= Patricia Howard =

Patricia Magill (née Howard; born 1947) was the first regular British Women's Royal Air Force officer to wear an aircrew brevet ("wings") and therefore the first to serve in the General Duties (Flying) Branch. (Note: Jean Bird was awarded her wings as an officer in the General Duties Branch of the Women's RAF Volunteer Reserve in 1952.)

Howard grew up in Minster-in-Sheppey on the Isle of Sheppey, Kent, England, and was educated at Sheppey Technical High School. She joined the WRAF as an air traffic control assistant, but later qualified as an air quartermaster (later changed to air loadmaster) with the rank of sergeant. She served with No.10 Squadron at RAF Brize Norton (acquiring 5,497 flying hours on the Vickers VC10), No. 511 Squadron (acquiring 616 flying hours on the Bristol Britannia), the Queen's Flight (acquiring 15 hours on the Hawker Siddeley Andover C Mk II), and No. 216 Squadron (acquiring 179 flying hours).

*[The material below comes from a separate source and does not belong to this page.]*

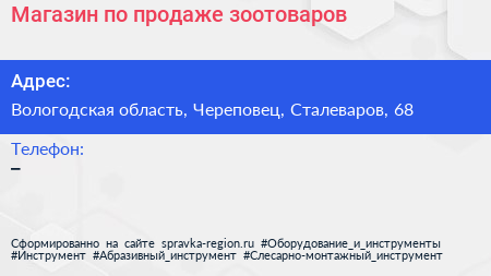 Магазин по продаже зоотоваров по адресу Вологодская область, Череповец, Сталеваров, 68 в дальнейшем Организация, размещена в следующих категориях:

On 21 February 1974, six years after she qualified as aircrew and at the age of 26, Howard was commissioned as a flying officer from the Officer Cadet Training Unit at RAF Henlow. She was promoted flight lieutenant on 21 February 1976.

She married on 2 April 1977, taking the surname Magill, and retired as a flight lieutenant on 25 March 1985.